▶ ACTIVITY
Take the data below and extract the lines from the one with "Uhr (h = 84,6°) |" to the one with "74141820 Achenkirch Achensee", inclusive, exactly as written.

▶ MATERIAL FOR THIS EXERCISE
⟨

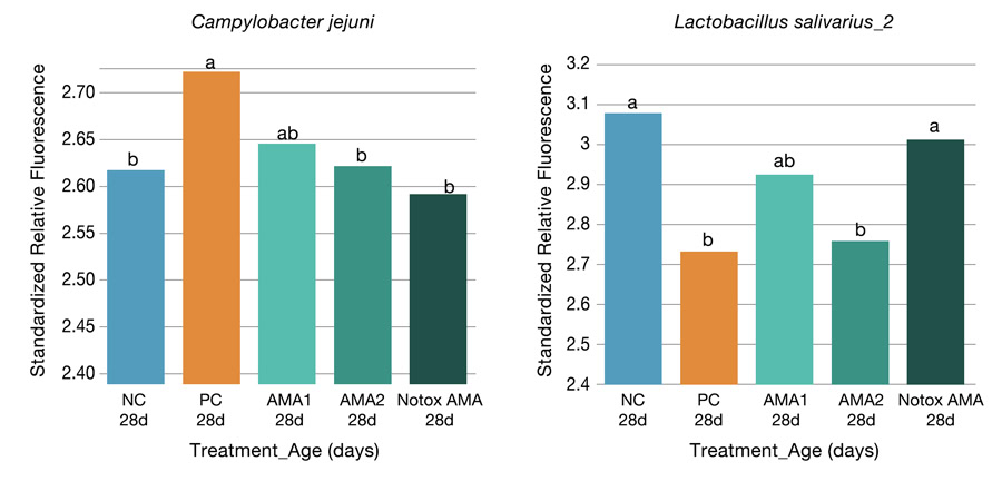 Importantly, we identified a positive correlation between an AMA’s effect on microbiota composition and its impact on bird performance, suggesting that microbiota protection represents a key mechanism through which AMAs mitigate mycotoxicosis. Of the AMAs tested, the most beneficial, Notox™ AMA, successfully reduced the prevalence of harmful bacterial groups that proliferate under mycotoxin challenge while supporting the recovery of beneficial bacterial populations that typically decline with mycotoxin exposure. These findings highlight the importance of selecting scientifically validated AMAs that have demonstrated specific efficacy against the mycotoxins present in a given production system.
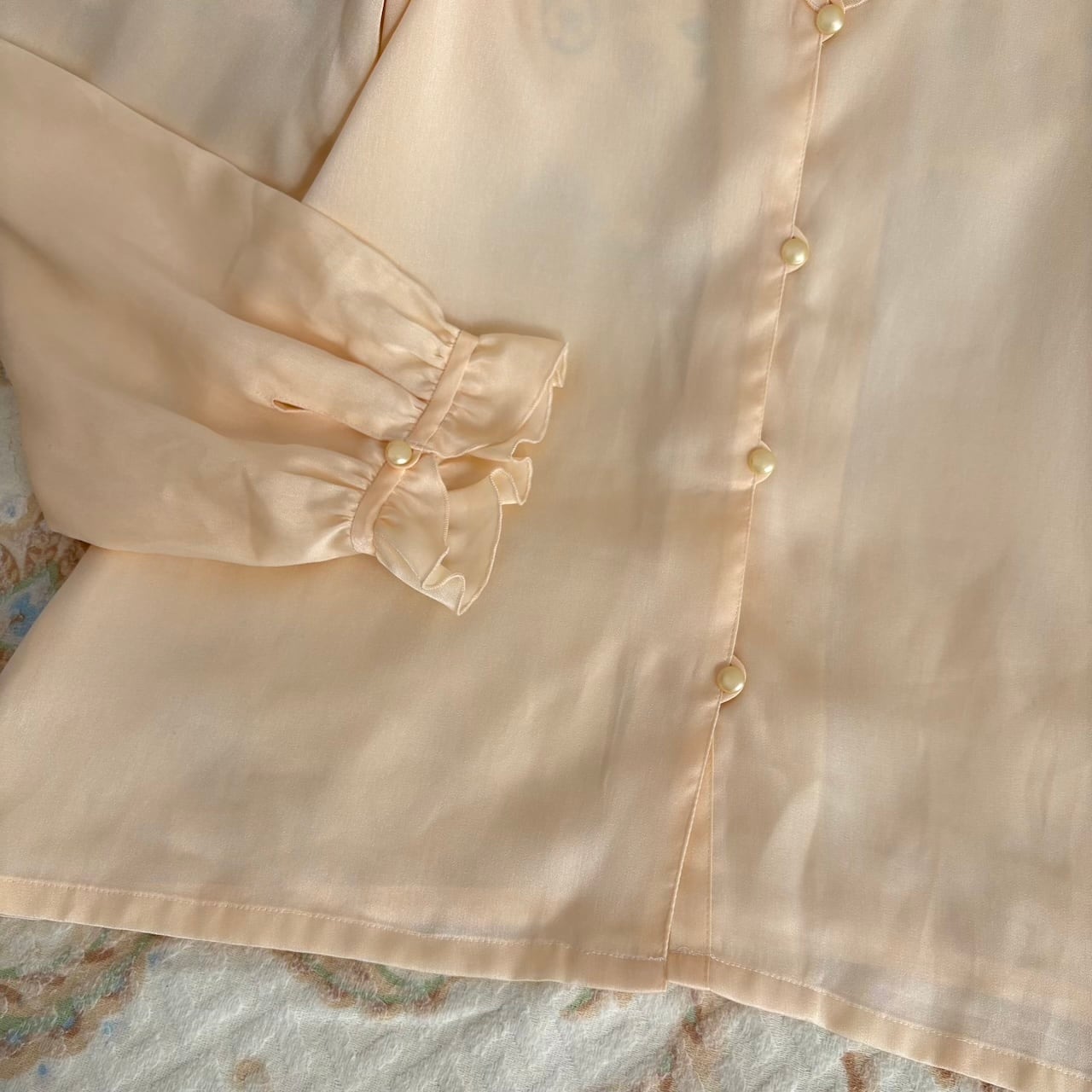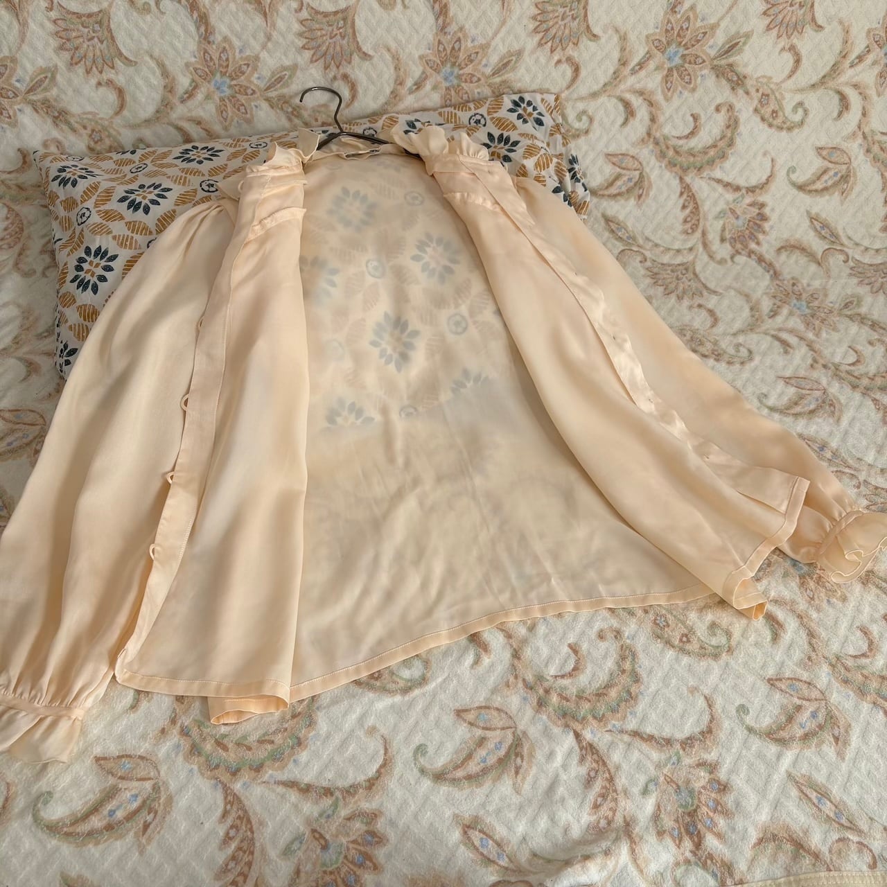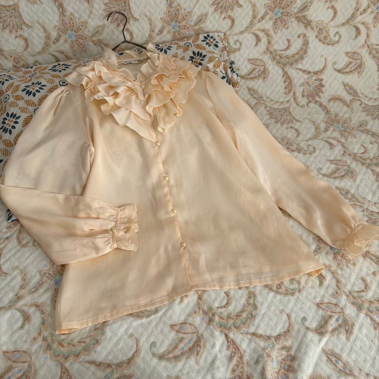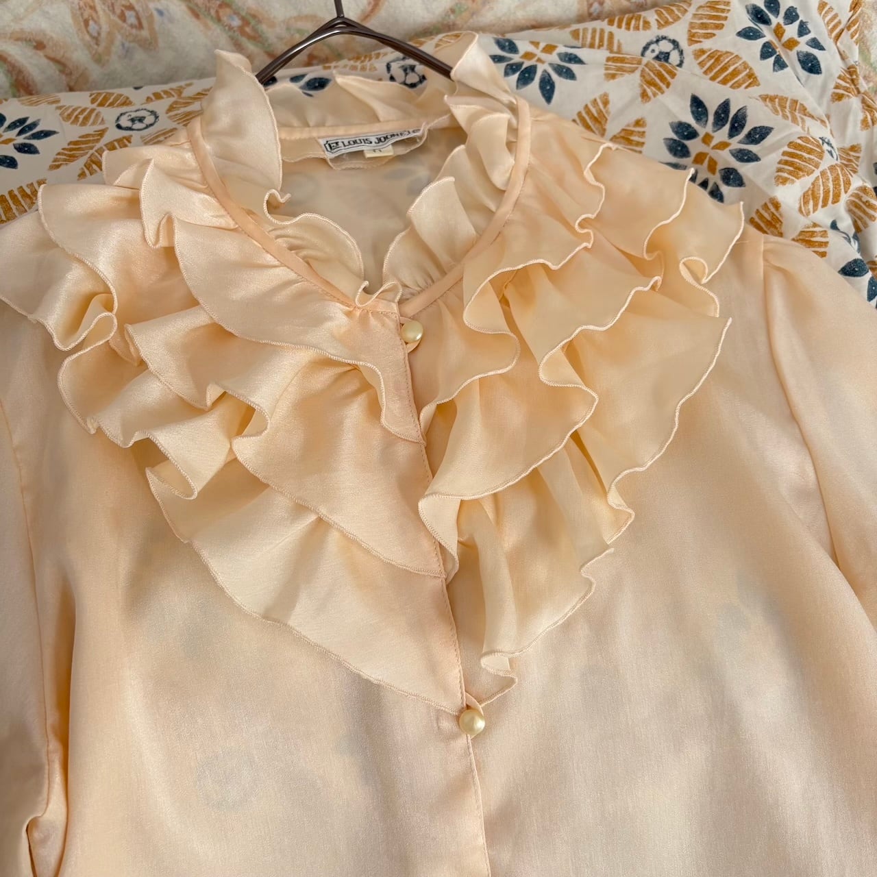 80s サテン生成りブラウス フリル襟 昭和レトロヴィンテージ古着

⟩
⟨

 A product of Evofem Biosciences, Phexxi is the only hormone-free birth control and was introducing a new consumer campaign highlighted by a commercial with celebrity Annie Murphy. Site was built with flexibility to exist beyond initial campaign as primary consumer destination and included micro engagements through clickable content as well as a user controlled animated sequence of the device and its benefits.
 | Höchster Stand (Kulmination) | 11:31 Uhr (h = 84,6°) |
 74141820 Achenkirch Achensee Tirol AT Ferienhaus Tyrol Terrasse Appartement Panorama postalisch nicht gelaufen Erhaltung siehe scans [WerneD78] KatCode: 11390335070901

⟩

▶ WRITTEN RESPONSE
 | Höchster Stand (Kulmination) | 11:31 Uhr (h = 84,6°) |
 74141820 Achenkirch Achensee Tirol AT Ferienhaus Tyrol Terrasse Appartement Panorama postalisch nicht gelaufen Erhaltung siehe scans [WerneD78] KatCode: 11390335070901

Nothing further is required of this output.